[Entries taken from a collection]

──────

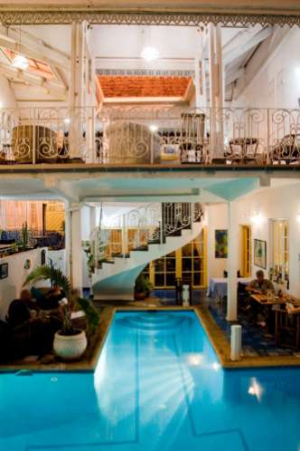 Гости могут поплавать в бассейне и затем зайти в бистро-ресторан, где подают закуски и салаты. В дневное и вечернее время в баре отеля можно заказать прохладительные напитки.
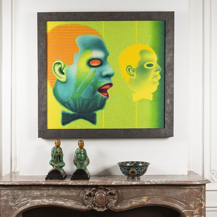Clockwise: Ed Paschke (1939-2004), Bolo, 1999. Estimate: €10,000 - €15,000; Bol Rare Chinois En Émail Cloisonné "Lotus, Vigne Et Double Poisson". Dynastie Ming, XVIe siècle. Estimate: €18,000 - €25,000; Une Paire De Tuiles Faitieres Vernissées Vertes Et Jaunes. Dynastie Ming. Estimate: €2,000 - €3,000
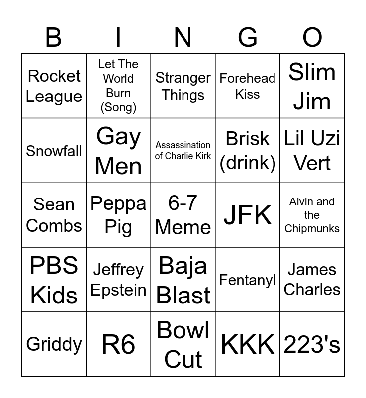 This bingo card has a free space and 24 words: Jeffrey Epstein, R6, Assassination of Charlie Kirk, Griddy, Slim Jim, Rocket League, Snowfall, Let The World Burn (Song), JFK, Baja Blast, Brisk (drink), Sean Combs, Fentanyl, James Charles, Gay Men, KKK, Alvin and the Chipmunks, Stranger Things, Lil Uzi Vert, Peppa Pig, 223's, PBS Kids, Forehead Kiss and Bowl Cut.
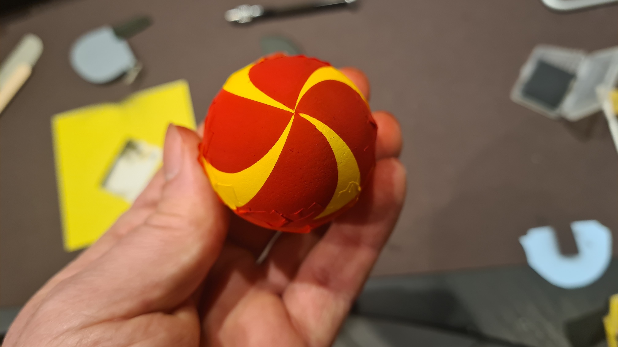 Der obere Teil wurde nun knallig gelb gesprüht. Sorry, hab vergessen ein Foto zu machen. Kann man sich aber hoffentlich noch vorstellen.
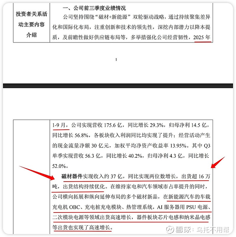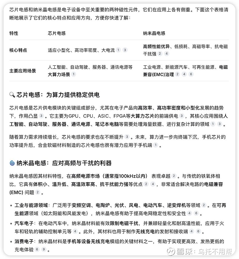 先看用词;前3季度对比半年报,磁材器件出货持续优化。在新能源汽车和AI服务器市场中非常明确的列举出了对应的应用场景;而且特别指出芯片电感和纳米晶电感实现了高速增长。这是在半年报没有提及的。大家可以看下这两样的应用场景。
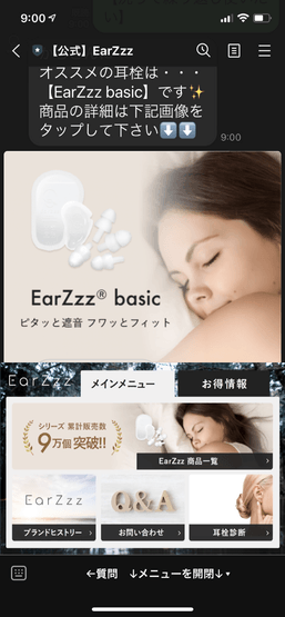 ご自身にぴったりフィットする耳栓をご提案する「LINEでEarZzz診断」を
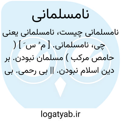 نامسلمانی. [ م ُ س َ ] ( حامص مرکب ) مسلمان نبودن. بر دین اسلام نبودن. || بی رحمی. بی انصافی. سنگدلی. قساوت. سخت دلی. رحم و مروت و انصاف نداشتن.
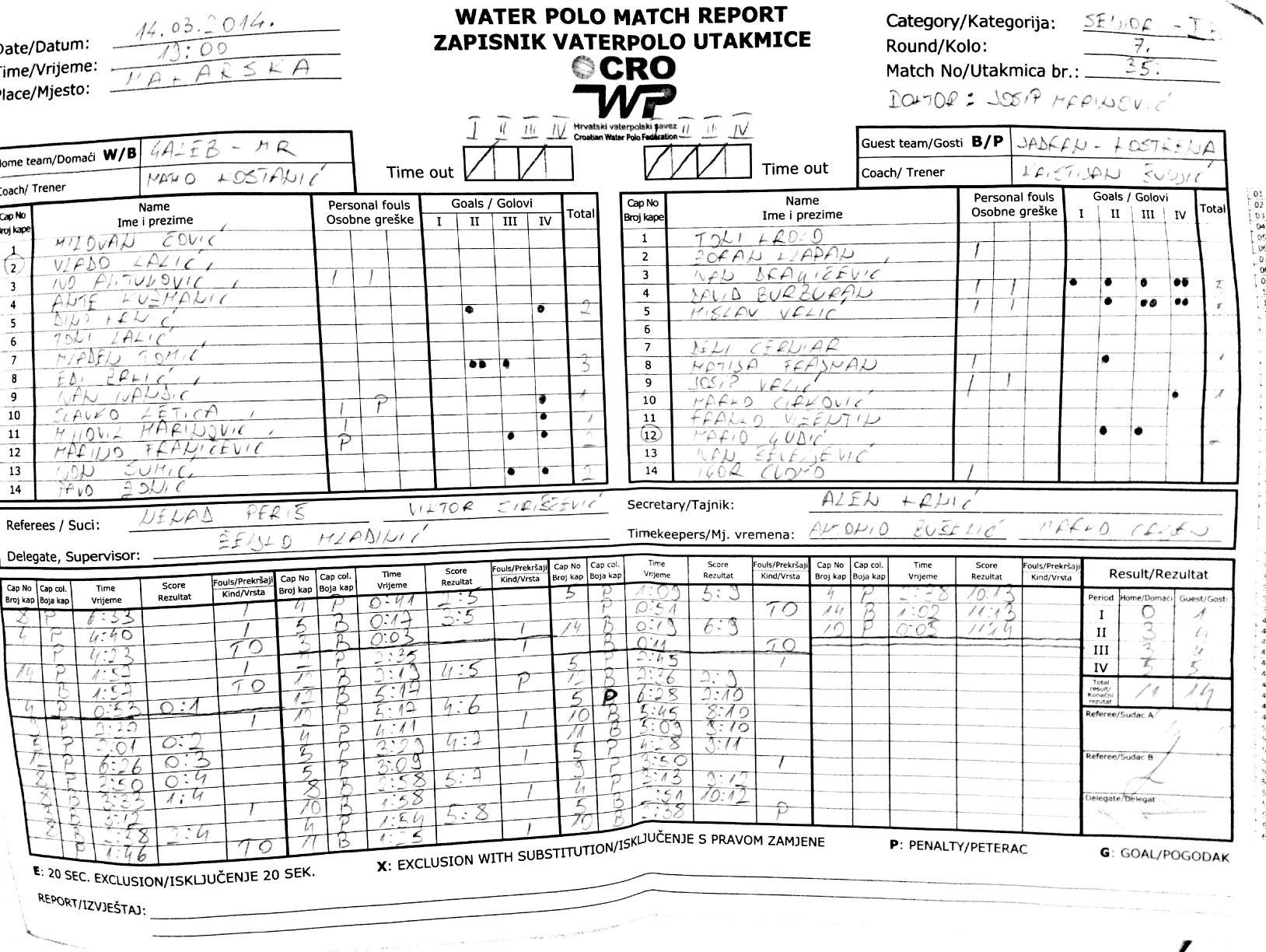 Novosti Pobjeda u Makarskoj! Posted 15.03.201415.03.2014 Sanjin Maržić U 7. kolu izborili smo prvu ovosezonsku pobjedu i to protiv trenutno vodeće ekipe Galeba. Utakmica u Makarskoj završila je rezultatom 11-14 za Jadran. Ovom pobjedom se nakon nepotpunog 7. kola nalazimo na 4. mjestu skupine Jug. Uskoro više…
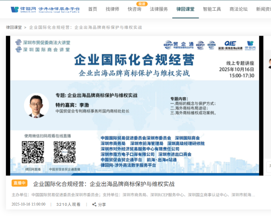 10月16日下午,深圳市贸促会成功组织召开了“企业国际化合规经营:企业出海品牌商标保护与维权实战”线上专题讲座。本次活动特邀中国贸促会专利商标事务所国内商标处处长李渤担任主讲嘉宾,聚焦于企业国际化进程中的品牌商标保护与维权实务,旨在系统提升企业在海外市场进行知识产权布局与防御的能力。讲座通过在线平台进行,吸引了广大外向型企业的积极参与,实时参会人次达3424,充分体现了企业对出海合规及知识产权风险管理的高度重视。
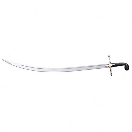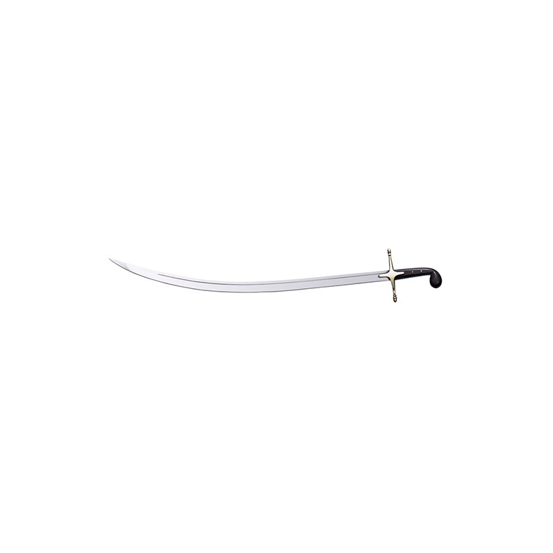Typically, the curved Shamshir blade had a narrow cross section and a sharp point. It had a simple brass or steel crossbar hilt and an equally straightforward handle made from wood or animal horn that terminated in a distinctively bulbous pommel. This pommel was offset slightly to help the hand resist centrifugal force when making a hard cutting stroke.
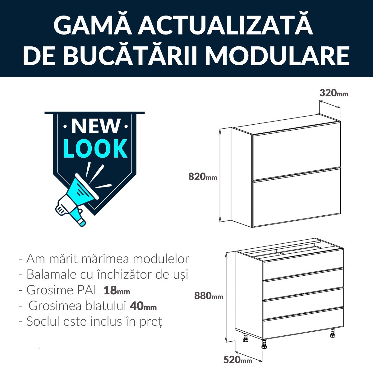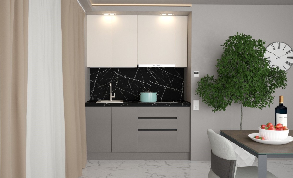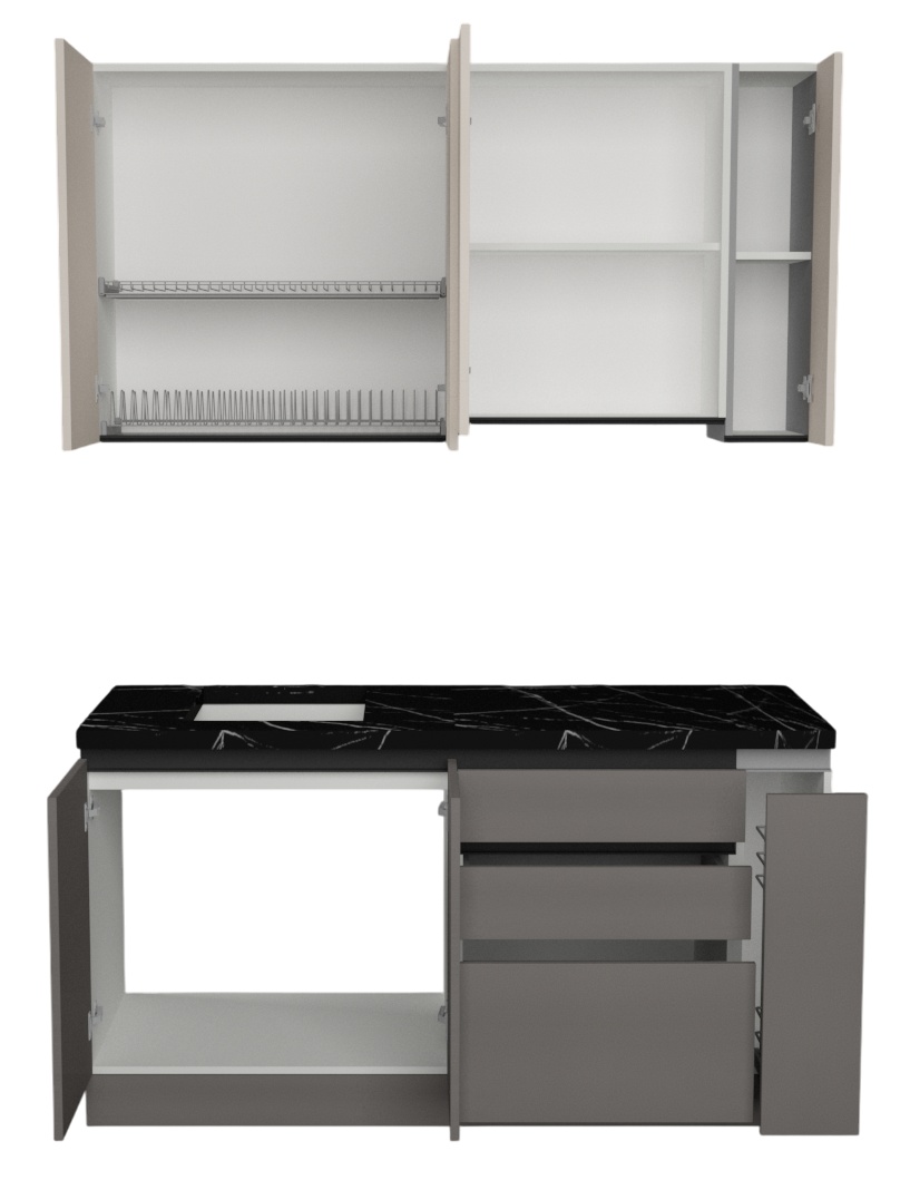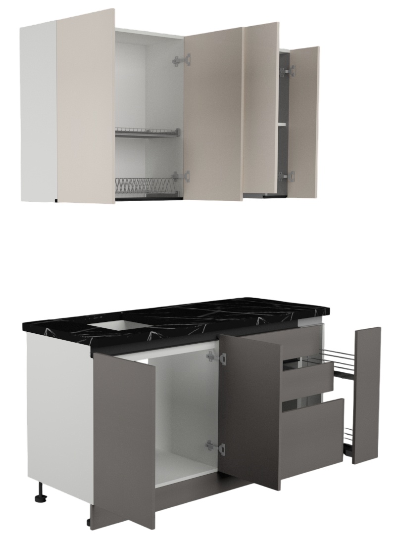 Bucătărie MDF Lux Gola 1600 SM Cream/SM Stone Grey
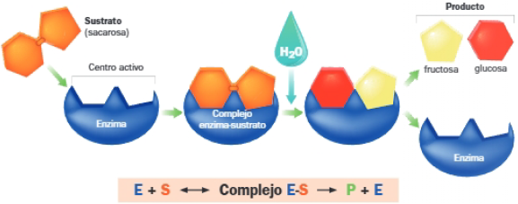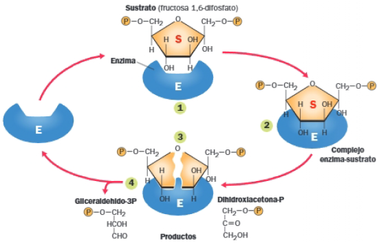 Las enzimas actúan sobre sustancias denominadas sustratos, que se unen a la enzima en un lugar concreto denominado centro o sitio activo; la unión del sustrato a la enzima genera el complejo enzima-sustrato. Las enzimas facilitan que los sustratos se sitúen con la orientación óptima para que la reacción se produzca. La unión al centro activo de la enzima lleva al sustrato al estado de transición, de modo que determinados enlaces se vuelven inestables y se forman otros nuevos, que originan los productos; al finalizar la reacción, el producto se separa de la enzima. La enzima libre puede actuar de nuevo.
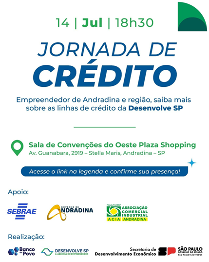 Pra você que já é empreendedor em Andradina e região, tem CNPJ ou sonha em montar o seu negócio, a sua hora é agora! Dia 14 de julho a Desenvolve SP e o Banco do Povo Paulista vão apresentar suas linhas de crédito para Microempreendedores Individuais, micros, pequenos e médios empresários, a partir das 18h30, na Sala de Convenções do Oeste Plaza Shopping, na Avenida Guanabara, 2919, no bairro Stella Maris.
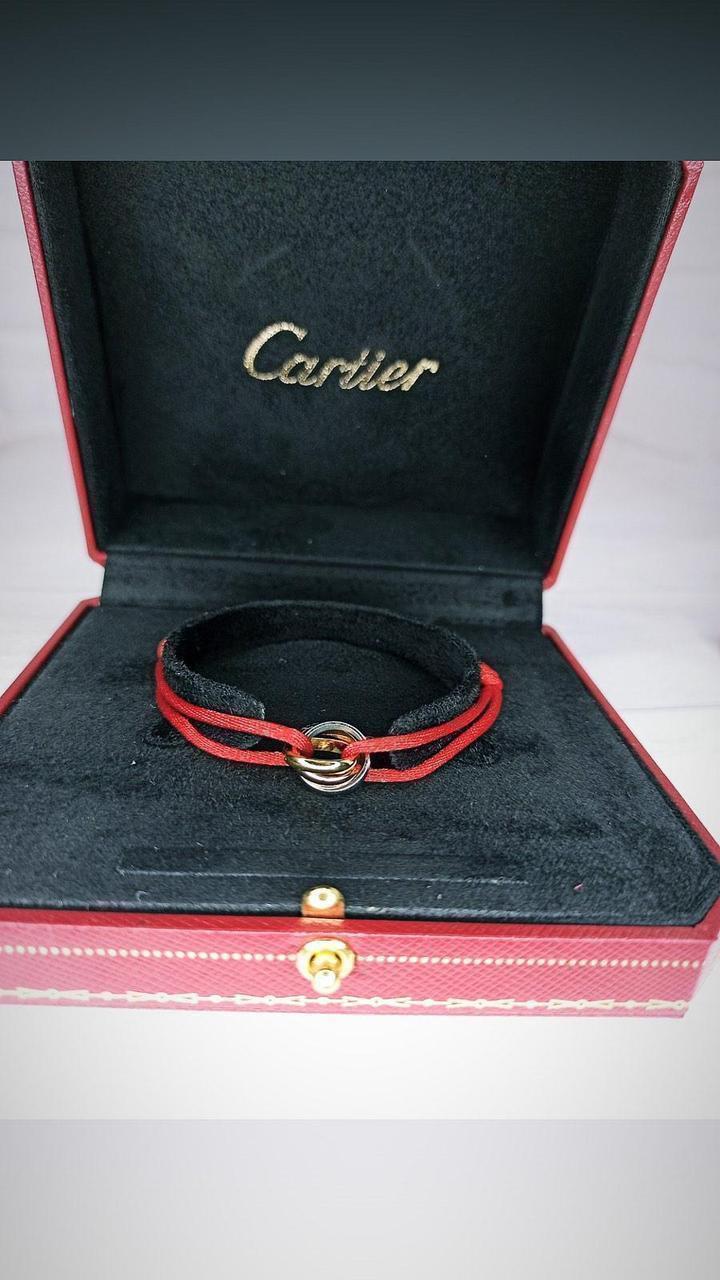 Браслет картье 17 размер красная нить тринитки брендовая женская ювелирная сталь в позолоте Cartier
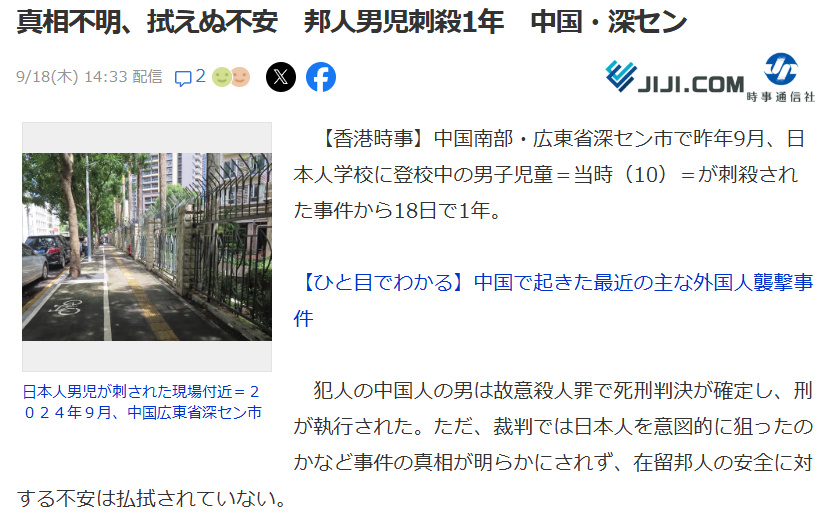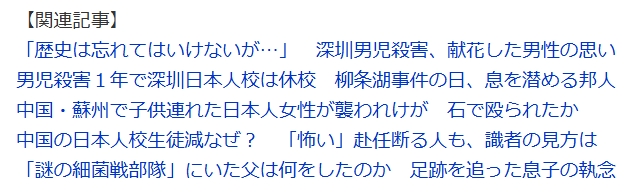 除此之外,觀察者網還注意到,無論是在部分日本媒體的報道中,還是在日本新聞平台的“關聯文章”推薦中,相關方都有意將“918”事變紀念日與2024年9月18日一名深圳日本人學校的學生遇襲去世的消息進行無端關聯。例如日本的重要媒體時事通信社就以此為主題,表示“在華日本人無法消除心中的不安”。
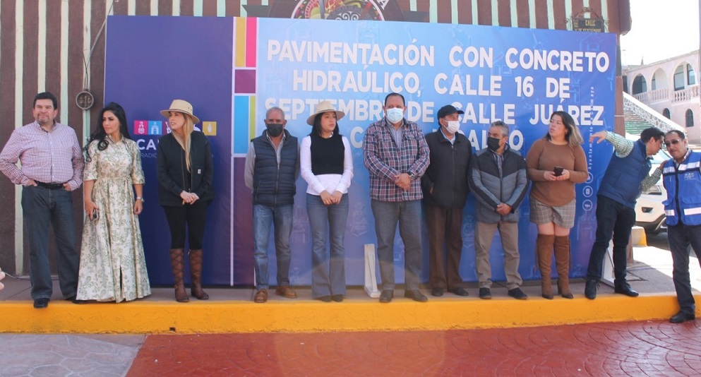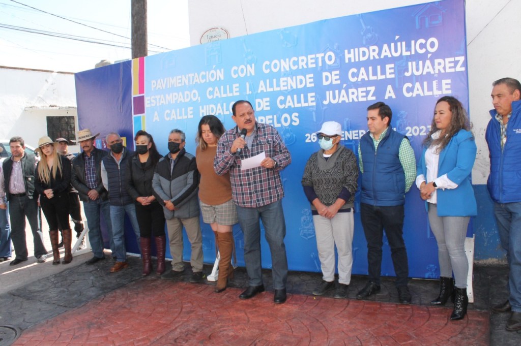 En un primer punto, el Alcalde y su comitiva encabezada por los integrantes del Cabildo, el Tesorero municipal Alexis Noé Garay Martínez, así como de funcionarios públicos hizo entrega de la pavimentación con concreto hidráulico estampado de la Calle Allende en dos tramos.

──────

== WHAT YOU HAVE TO DO ==
Pictures do not belong in your copy; restate word for word the lines from the one containing "Браслет картье 17" through the last line of the records above.

== FINISHED EXERCISE ==
 Браслет картье 17 размер красная нить тринитки брендовая женская ювелирная сталь в позолоте Cartier
 除此之外,觀察者網還注意到,無論是在部分日本媒體的報道中,還是在日本新聞平台的“關聯文章”推薦中,相關方都有意將“918”事變紀念日與2024年9月18日一名深圳日本人學校的學生遇襲去世的消息進行無端關聯。例如日本的重要媒體時事通信社就以此為主題,表示“在華日本人無法消除心中的不安”。
 En un primer punto, el Alcalde y su comitiva encabezada por los integrantes del Cabildo, el Tesorero municipal Alexis Noé Garay Martínez, así como de funcionarios públicos hizo entrega de la pavimentación con concreto hidráulico estampado de la Calle Allende en dos tramos.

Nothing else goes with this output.